I know how to do basic queries but I think this would require joins of some sort.
0
Comment
Question by:jason987
  • 7
  • 5
  • 2
14 Comments
 
LVL 3

Expert Comment

by:dkellner
ID: 36575732
Not completely clear but if I get it right, you're looking for this:

(assume you have a MyTable with a field ListNr that's 1 for the first recordset and 2 for the second; there are some kind of products in the table and they're identified by a productID...  then you can adapt this to your actual situation and queries)

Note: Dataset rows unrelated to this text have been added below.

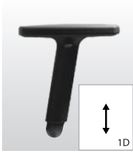
AR022/023 - 9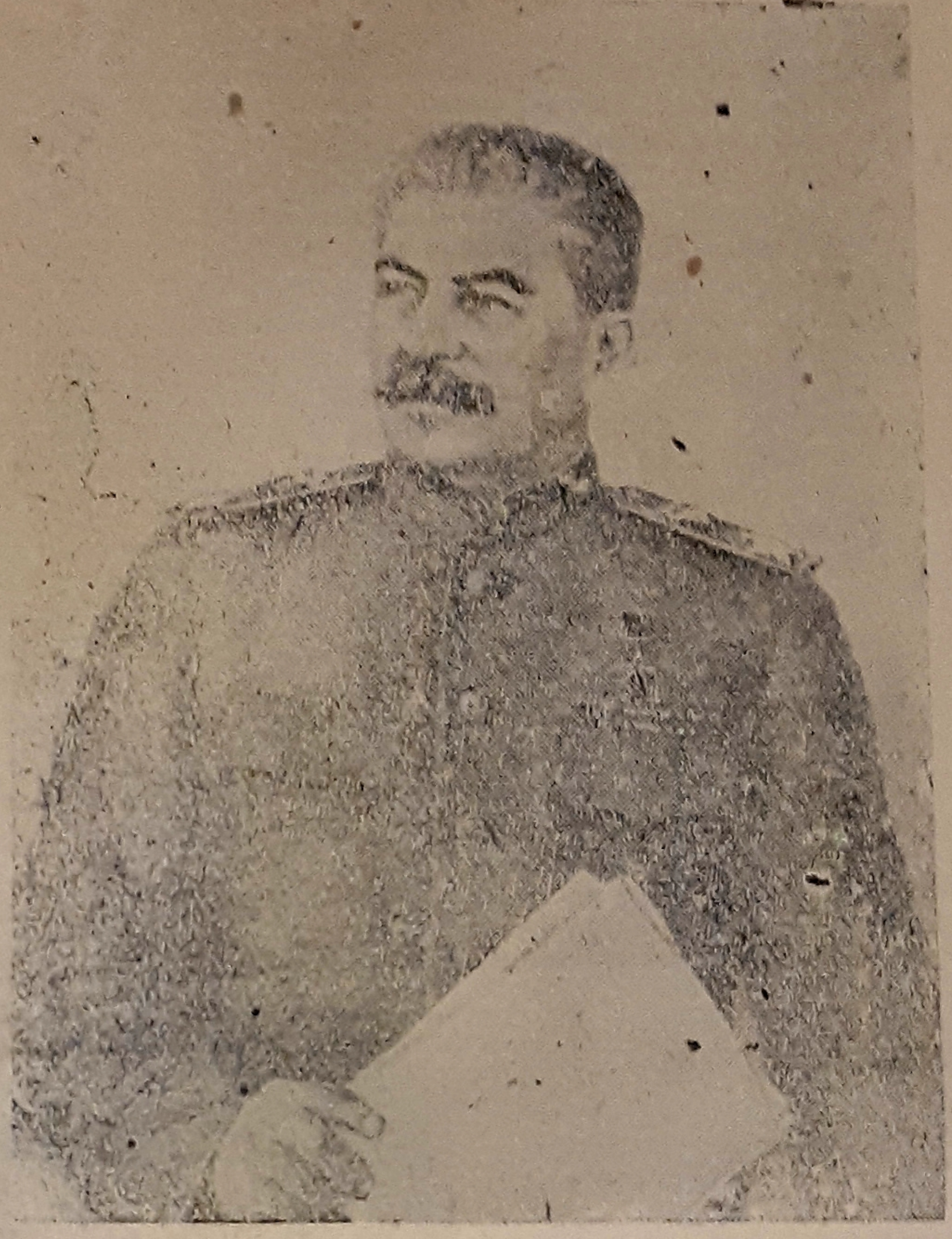
БЯРХОЎНЫ ГАЛОЎКАМАНДУЮЧЫ МАРШАЛ СОВЕЦКАГА САЮЗА І. В. СТАЛІН.

Аператыўная зводка за 21 лютага У працягу 21 лютага на Зем-Кірхеніян, Оссік, Оццлель, Шёнберг. У правінцы Брандэнбург нашы войскі з боем авалодалі гарадамі Ціфегген, Прибузе, і таксама занялі больш 50 другіх населеных пунктаў, у тым ліку буйныя населеныя пункты Ламо, Кутэра, Фарштадт, Геррэн, Шверле, Цешхелн, Грэфенхайн, Гросс-Зельтэн, Лайпца. У баях за 20 лютага ў гэтым раёне нашы войскі адбілі і знішчылі 40 нямецкіх танкаў. У раёне Брэлау нашы войскі занялі баі па знішчэнню акружэнняў у горадзе групіроўкі праціўніка. На паўночным беразе Дуная, на усходзе ад горада Камарно, атакі пяхоты і танкаў праціўніка адбіваюцца нашымі войскамі. 20 лютага ў гэтым раёне падбіта і знішчана 38 нямецкіх танкаў і самаходных гармат. На другіх участках фронта — пошукі разведчыкаў і у раёне пунктаў баі мясцовага значэння. За 20 лютага на ўсіх франтах падбіта і знішчана 180 нямецкіх танкаў і самаходных гармат. У паветраных баях і агнём знішчана артылерыі збіта 67 самалётаў праціўніка. У баях за 20 лютага на захадзе і паўднёвым захадзе ад Ке-берга падбіта і знішчана нямецкіх танкаў і самаход-гармат. У раёне 2-га Беларускага фронту, прадаўжаючы наступ, 21 лютага з боем авалодалі гарадамі Чэрскі — важным пунктам камунікацыі і моцным пунктам абароны немцаў у паўночна-заходняй частцы Італіі, а таксама з баямі адбілі больш 40 другіх населеных пунктаў, сярод якіх буйныя населеныя пункты Езэвіц, Сфельдэ, Пескерфэльдэ.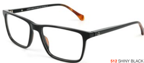
512 SHINY BLACK

So, the trick is to join the same table to itself:

SELECT * FROM MyTable AS T1
    LEFT JOIN MyTable AS T2 ON T1.productID=T2.productID
    WHERE 1
    AND T1.ListNr=1
    AND T2.ListNr=2
    AND T1.productID IS NOT NULL
    AND T2.productID IS NULL
;

Open in new window


Wonder if this helps and the logic is clear.  I didn't test this example as it's time consuming to build the necessary tables but it illustrates the way to go.
0
 
LVL 5

Author Comment

by:jason987
ID: 36575867
I made a table using those field names and ran your query and it returned an empty set.
0
 
LVL 3

Expert Comment

by:dkellner
ID: 36575893
Yes because it's only the way to do it.
But if you give me an sql export I'll try to tell what's missing.
0
 
LVL 5

Author Comment

by:jason987
ID: 36575975

SET SQL_MODE="NO_AUTO_VALUE_ON_ZERO";


/*!40101 SET @OLD_CHARACTER_SET_CLIENT=@@CHARACTER_SET_CLIENT */;
/*!40101 SET @OLD_CHARACTER_SET_RESULTS=@@CHARACTER_SET_RESULTS */;
/*!40101 SET @OLD_COLLATION_CONNECTION=@@COLLATION_CONNECTION */;
/*!40101 SET NAMES utf8 */;


-- Table structure for table `test`
--

CREATE TABLE IF NOT EXISTS `test` (
  `ListNr` varchar(11) NOT NULL,
  `productID` varchar(256) NOT NULL,
  `PRICE` decimal(11,8) NOT NULL
) ENGINE=MyISAM DEFAULT CHARSET=latin1;

--
-- Dumping data for table `test`
--

INSERT INTO `test` (`ListNr`, `productID`, `PRICE`) VALUES
('TTT', '1234', '1.23000000'),
('TTT', '3456', '2.45000000'),
('TTT', '6789', '6.78000000'),
('TTT', '8765', '9.01000000'),
('ZZZ', '1234', '1.23000000'),
('ZZZ', '3456', '2.45000000'),
('ZZZ', '6789', '6.78000000'),
('ZZZ', '4321', '7.89000000'),
('ZZZ', '8765', '9.02000000'),
('ZZZ', '9999', '9.00000000');

Open in new window

0
 
LVL 3

Expert Comment

by:dkellner
ID: 36576255
Okay, now my query tried to find all the rows missing from list 2, existing in list 1 only. There are no such rows as I see. You need several queries for several kinds of differences, like "in list1 but not in list2" (this is what you have now), "in list2 but not in list1" (this would return a nonzero result; swap t1/t2 in my last 2 lines in query), and "in list1 and in list2 but not the same data in other fields", which I have not implemented in detail but it's quite obvious.
0
 
LVL 5

Author Comment

by:jason987
ID: 36576348
I ran both:

SELECT * FROM test AS T1
   LEFT JOIN test AS T2 ON T1.productID=T2.productID
   WHERE 1
   AND T1.ListNr='ZZZ'
   AND T2.ListNr='TTT'

   AND T1.productID IS NOT NULL
   AND T2.productID IS NULL

and

SELECT * FROM test AS T1
   LEFT JOIN test AS T2 ON T1.productID=T2.productID
   WHERE 1
   AND T1.ListNr='TTT'
   AND T2.ListNr='ZZZ'
   AND T1.productID IS NOT NULL
   AND T2.productID IS NULL

Both returned nothing.  Am I misunderstanding you?
0
 
LVL 3

Expert Comment

by:dkellner
ID: 36576992
No, sorry, I'm telling the wrong thing.
You can't do this left join thing with both lists in one table because join will always find the product in the same list and say "hey, I've got it".  Won't be NULL.  Damn thing.

Okay then.
Shall we use temporary tables or solve the problem in PHP?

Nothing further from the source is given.